ABSTRACT
Collecting in the Digital Age: Contemporary Heritage in the Museum
This paper will explore the challenges in curating born-digital objects as part of rapid-response, social, scientific, history, and art and design museum collections. Personal memories, social movements, and cultural phenomena are now created and circulated online. Knowledge about contemporary society and events is also disseminated online, and informed by the algorithms behind web platforms and social networks. Therefore, the virtual circulation of ideas represents a crucial part of contemporary society, which different memory institutions are just starting to collect and preserve.
However, museums are not yet ready to include born-digital content in their curatorial practices. This paper will focus on social media collections and explore existing attempts to include them in museums, while analysing the difficulties museums still encounter. It will examine problems in the acquisition of social media content, in the legal and ethical limitations in collecting such material, in its inclusion in collection management systems and documentation within collection standards.

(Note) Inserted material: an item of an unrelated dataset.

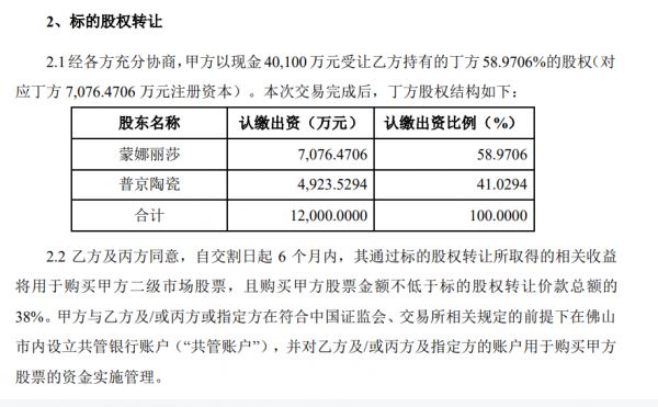 公告称,经双方友好协商,蒙娜丽莎集团于2021年2月7日与普京陶瓷、自然人冼伟泰及标的公司至美善德签署了《关于高安市至美善德新材料有限公司之股权收购协议》(以下简称“收购协议”、“本协议”),蒙娜丽莎将以现金40,100万元受让普京陶瓷持有的至美善德58.9706%的股权,并以现金25,000万元认缴至美善德新增注册资本4,411.7647万元,上述交易方案完成后,蒙娜丽莎集团将持有至美善德70%的股权。(以下 简称“本次交易”)。至美善德将成为蒙娜丽莎集团的控股子公司。

The paper will draw on selected examples of social media content included in art, design, history, and science collections, and it will draw parallels with existing practices in libraries and archives, with a focus on debates in the web archiving community. This presentation will thus discuss how social media content can be integrated in museum collections, how these digital objects affect museum processes, and the still difficult coexistence of virtual and ‘analogue’ objects in exhibitions.